Pick the denominator honestly. For an engineering tool, that is hours saved multiplied by loaded engineer cost. For a support agent, resolution without escalation multiplied by the cost of a human escalation. For a content feature, writer-equivalent output multiplied by writer-equivalent cost. If you cannot articulate what 3× looks like for your specific use case before shipping, the economics are not clear enough to ship.
Cursor runs roughly $1B in revenue at -30% gross margins, paying $1.30 in Anthropic API fees for every dollar of subscription revenue it collects. OpenAI’s Sora cost $15M per day in compute and earned $2.1M in lifetime revenue before being shut down with thirty minutes’ notice to Disney, who had just signed a reported $1B licensing deal. Across enterprise pilots more broadly, 80% fail to deliver measurable business value, and the average failed project costs $6.8M and returns $1.9M.
FAQ
Does this framework apply to non-Anthropic models?
Yes. Every frontier-model provider (OpenAI, Google, Meta’s open-weights) bills on consumption. The benchmarks and multipliers in this piece are about deployment shape, not a specific pricing sheet. Swap in your provider’s per-token price for P in the formula, and the rest holds.How often should I re-forecast?

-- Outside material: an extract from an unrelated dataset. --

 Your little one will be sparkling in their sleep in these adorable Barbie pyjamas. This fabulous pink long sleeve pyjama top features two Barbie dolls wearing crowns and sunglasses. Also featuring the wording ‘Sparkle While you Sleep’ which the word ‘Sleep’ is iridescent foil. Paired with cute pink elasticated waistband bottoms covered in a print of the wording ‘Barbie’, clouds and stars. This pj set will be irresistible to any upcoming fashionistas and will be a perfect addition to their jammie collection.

At minimum, re-run the formula at each workflow-mix phase transition (roughly every two to three months in an active deployment). The weekly metrics section exists so you can see phase transitions early, not wait for a quarterly review to surface them.What if my pilot is too small to produce stable token numbers?

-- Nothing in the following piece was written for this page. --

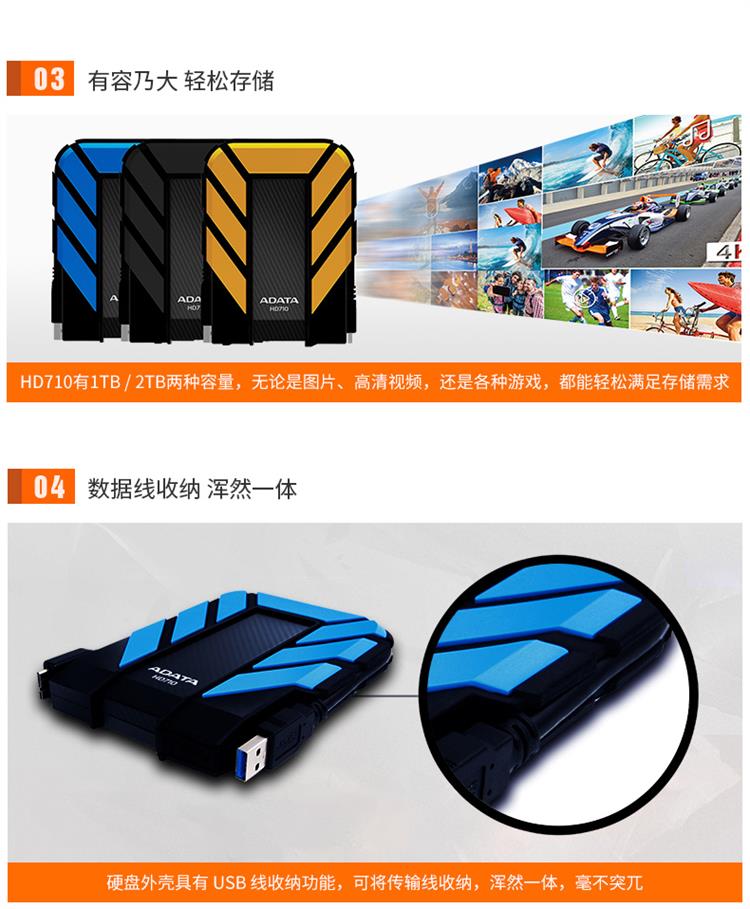 威刚(ADATA)HD710PRO USB3.0三防移动硬盘防水防尘防震户外摄影旅行 黑色 1TB

A 50-user, two-week pilot is the minimum that produces defensible median-user estimates. Below that, you are extrapolating from noise. If you cannot run a 50-user pilot, run a 10-user pilot, measure, and double the buffer in your forecast by setting H to 2.0 and C to 1.8.Should I use per-user caps or per-team budgets?
Per-team budgets match how the 10/70 distribution actually behaves. Per-user caps feel fair but end up throttling the 10% of users who generate the most value along with the 10% generating the most waste. A team budget with workflow gating on the most expensive operations concentrates the constraint where cost actually concentrates.